Бегущая босиком Весна была все тем же вариантом хорошенькой таракуцки, «уездной музы», и не вполне отвечала душевной тревоге, которая все никак не могла рассеяться, хотя зловещая колокольня деревенской церкви уже Давно скрылась за косогором.
Он вспомнил, как в деревенских окошках теплились огоньки свечей и как истово молились в церкви старухи, прося у бога снега на поля. Это более соответствовало его душевному состоянию.
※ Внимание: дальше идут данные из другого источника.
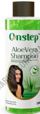
200 ML ONSTEP ALOE VERA SHAMPOO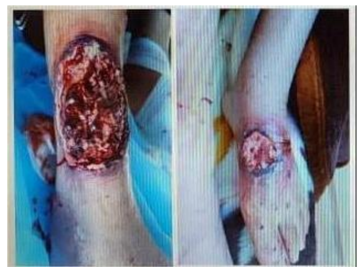
Figure 1 : Ulcers on the lower third of the right leg and left foot, well-defined, oval-shaped, with granulating tissue, violaceous borders, and surrounded by an erythematous halo.

additional abdominal-pelvic MRI also confirmed the splenic abscesses. Based on a clinico-pathological and radiological correlation, a diagnosis of pyoderma gangrenosum with aseptic splenic abscesses was made and confirmed (Figure 3). The patient was started on high-dose oral corticosteroid therapy at 1 mg/kg/day, a rapid radio-clinical and biological improvement was observed after the introduction of corticosteroid therapy.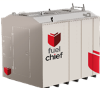
DC100 - 10,000L (9,900 SFL)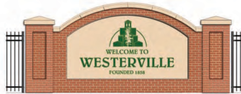
Entrance Signage: I-270/South State Street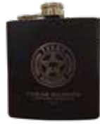
Texas Ranger Flask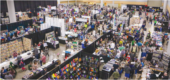
Des Moines Con.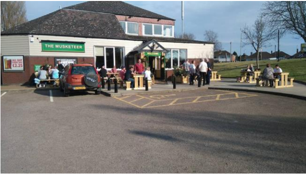
The Musketeer Pub

«…Когда в селе перед весною просили снега на хлеба, цвела молебственной свечою недаром каждая изба. О том, чтоб минула засуха, в надежде темный лоб крестя, молилась каждая старуха, крестилось каждое дитя…»
Уже стихи запели, как скрипка, но вдруг на дороге как из-под земли вырос конный отряд и преградил путь. Сначала Пчелкину показалось, что это эскадрон красной кавалерии, и он даже успел порадоваться, как хорошо стали у нас обмундировывать красноармейцев: один в одного, с новенькими звездочками на фуражках.
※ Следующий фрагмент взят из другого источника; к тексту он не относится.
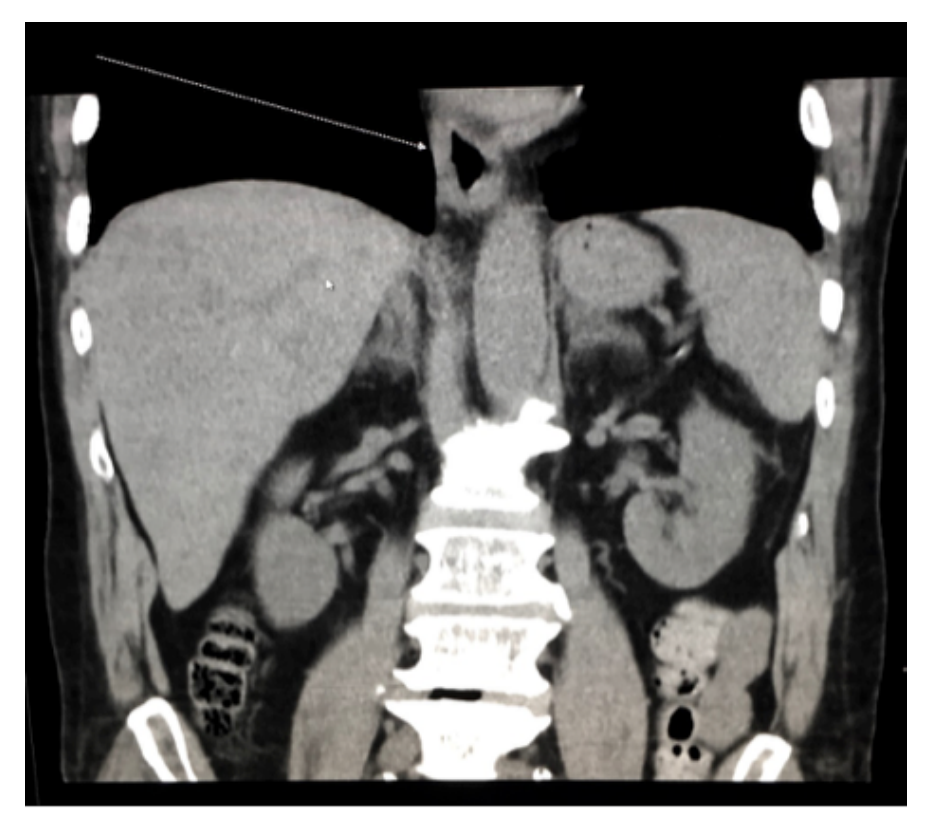
Figure 2. Abdominal CT, coronal view, showing circumferential mural thickening of the lower esophagus.

Esophagogastroduodenoscopy (EGD) showed circumferential esophagitis of the distal 6 centimeters of the esophagus with ulcerative exudate, small hiatal hernia, and mild gastropathy ( Figure 3 ). Histopathology results from esophageal biopsies from the edge of the ulcers showed herpes simplex virus (HSV), which is believed to have caused the patient's severe esophagitis ( Figure 4 ).

Но в тот же миг над ним заржала, вздернутая на трензелях, лошадиная голова, роняя травянисто- зеленую пену, и красавец командир в белом башлыке с позументом за спиной наклонился к Пчелкину с седла:
– Ты кто таков, мать-перемать? Уполномоченный?
– Я журналист.
– А ну, канцелярская крыса, гэть с подводы!
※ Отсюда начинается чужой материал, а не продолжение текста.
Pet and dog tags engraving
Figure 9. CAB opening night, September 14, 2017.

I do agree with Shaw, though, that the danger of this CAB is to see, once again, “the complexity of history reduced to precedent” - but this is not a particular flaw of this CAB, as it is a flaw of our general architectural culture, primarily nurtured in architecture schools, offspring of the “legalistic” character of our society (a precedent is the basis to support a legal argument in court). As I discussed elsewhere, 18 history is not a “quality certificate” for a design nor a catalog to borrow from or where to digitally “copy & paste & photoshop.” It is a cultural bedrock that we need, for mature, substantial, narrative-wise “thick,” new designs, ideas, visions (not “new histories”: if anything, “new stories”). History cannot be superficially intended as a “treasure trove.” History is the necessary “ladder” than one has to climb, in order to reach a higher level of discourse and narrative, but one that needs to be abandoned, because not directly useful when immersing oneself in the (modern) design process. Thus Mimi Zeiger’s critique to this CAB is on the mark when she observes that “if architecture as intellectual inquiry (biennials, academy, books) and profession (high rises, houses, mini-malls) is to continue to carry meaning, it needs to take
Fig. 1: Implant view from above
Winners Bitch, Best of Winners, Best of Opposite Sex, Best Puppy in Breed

– Журналист – это совсем не то, что вы думаете, – с насильственной улыбкой прошептал Пчелкин.
– А ты скедова знаешь, что я думаю?
– Я пишу в газете.
– В газете? А ну, хлопцы, дайте ему под зад. Смотри на него: распоряжается у нас на селе все равно как у себя в хате. Чуть чего – давай ему подводу.
– Товарищ, это недоразумение. Я имею право. У меня мандат ревкома.
– Смотрите, найшелся живой товарищ. Ах ты, красно-задая гнида! Отведите его в кукурузу, а подвода нехай заворачивает обратно.
Все это произошло в одно мгновение, и теперь, вдруг очутившись среди несрезанных стеблей прошлогодней кукурузы, которые тесно стояли вокруг него, шелестя жесткими мечевидными листьями и сузив горизонт до двух шагов в окружности, Пчелкин понял, что попал в руибанды, переодетой в красноармейскую форму, и что его ведут расстреливать, грубо подталкивая в спину прикладами драгунок, резко пахнувших керосином и оружейным маслом.
Ужас охватил его душу, помрачил рассудок, а его тело ослабело, внутренние органы перестали повиноваться приказам нервных центров, парализованных внезапной спазмой, и он вдруг стал постыдно и неудержимо испражняться, в то время как атаман банды, подбоченясь в седле с бархатным комбриговским чепраком, вынимал из поданной ему сумки бумаги Пчелкина и равнодушно читал их одну за другой по складам, пока вдруг не наткнулся на печатную инструкцию; она его заинтересовала, так как в ней содержался пункт первый о борьбе со всеми злоупотреблениями местных советских властей и нарушениями законности.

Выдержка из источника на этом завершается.